Gimlin said on Mysterious World, "An overall description, it looked like a huge hairy human being.
I just noticed the post from JanV from another thread. I appreciate the kind words.
To paraphrase my main point, I never liked anthropologist use of the term human in describing ancient hominids. I find it presumptuous to assume something like a Homo habilis or even some Homo erectus were human just because it is in the genus Homo. It becomes an almost meaningless subjective term when "human" is used like that. All hominids including us should be thought of as 100% ape and some unknown amount of human. Human is what we are now. As you get more distantly related or farther back in time you are logically going to be less like us by some unknown amount. "Human" is too poorly defined to know what it really means. How fast something can evolve is dependent on selection pressures so nobody really knows how fast we changed or how human any ancient hominid was. No ancient hominid lineage could be completely excluded as possible ancestors of bigfoot because change could theoretically happen very quickly. Even a few hundred thousand years isn't out of the question.
Bigfoot is logically most likely some form of hominid much more closely related to us than it is to chimpanzees. That is just my opinion based on all the Asian fossils. That doesn't mean I think it was descended from what I would call human. They are likely descended from a branch of our lineage that became cryptic basically to avoid competing with probably more aggressive and more technologically advanced hominids. Some of that cryptic lineage also may have become cold adapted which often includes getting larger.
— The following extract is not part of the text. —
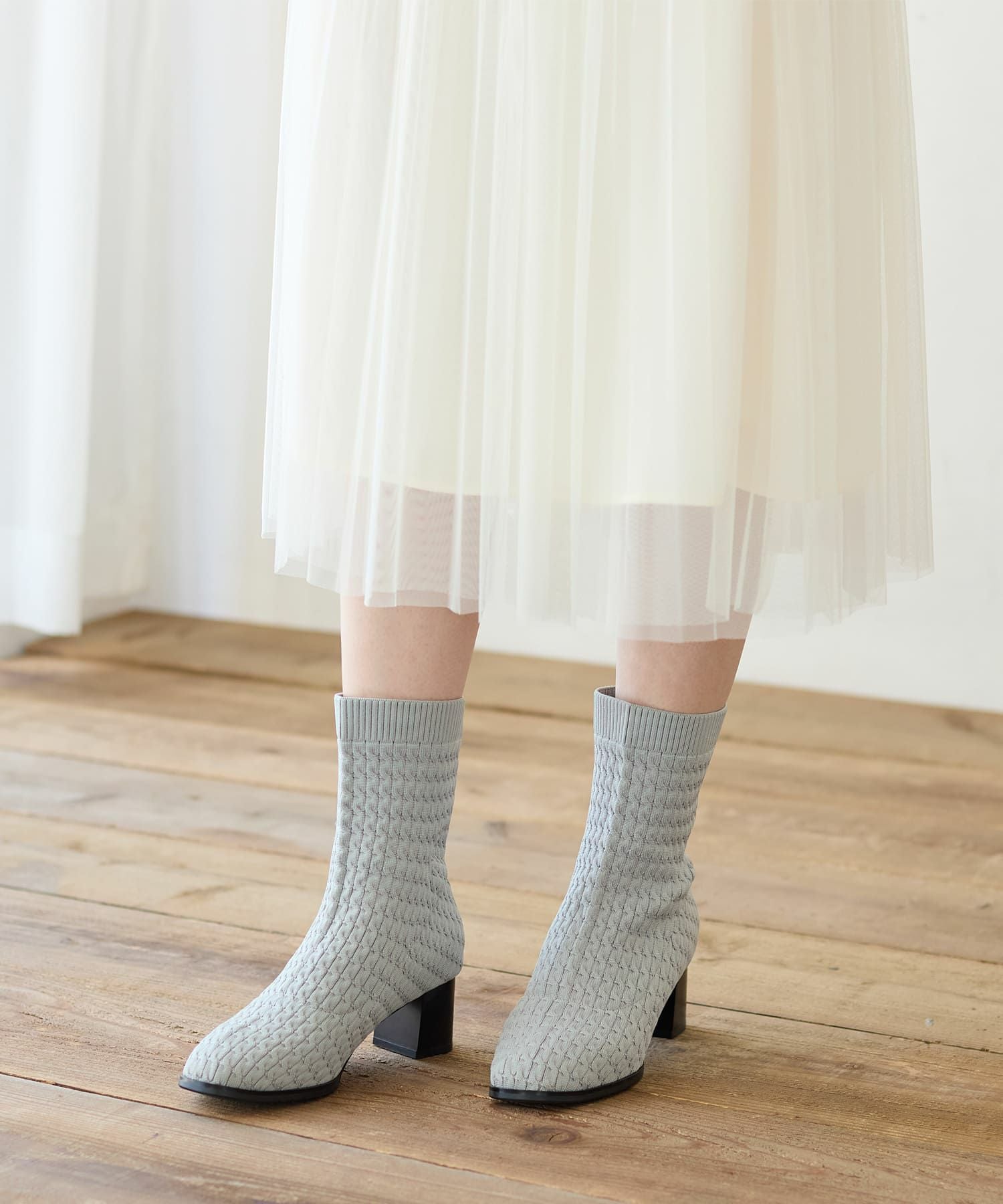 スクエアトゥリブニットソックスブーツ
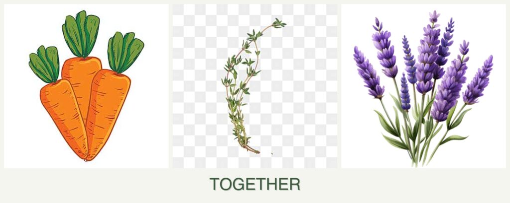 Planting carrots, thyme, and lavender together offers several advantages:

That would explain how they might have better night vision if they were forced to come out at night to avoid other hominids.
Homo heidelbergensis seems a good candidate but that may be too closely related to us. I think "erectus" is the best candidate but many of the fossils that are called erectus probably shouldn't be. I think some erectus were not necessarily or even logically technological based on enormous teeth and jaws, relative lack of advanced stone tools found and other factors like some with reduced frontal lobes relative to other "erectus". There were apparently multiple species of hominids so tools could have only meant that a technological hominid also lived there.
We seem to have lost a lot of the characteristics that are generally and colloquially considered apelike as we became technological. There is no strong evidence that all lineages of ancient "humans" became increasingly technological together. Our ancestors probably weren't very "human" even a million years ago and if they separated and lived a totally different lifestyle they are logically going to be very different than we are.
The way I look at it is that they are apparently bipedal apes that probably diverged from our lineage about a million to 2 million years ago. Much more recent is possible but more distant is less likely in my opinion for various reasons. I wouldn't presume to call an ancestor even a million years ago a human. That would be close enough though that they probably would share some human traits with us.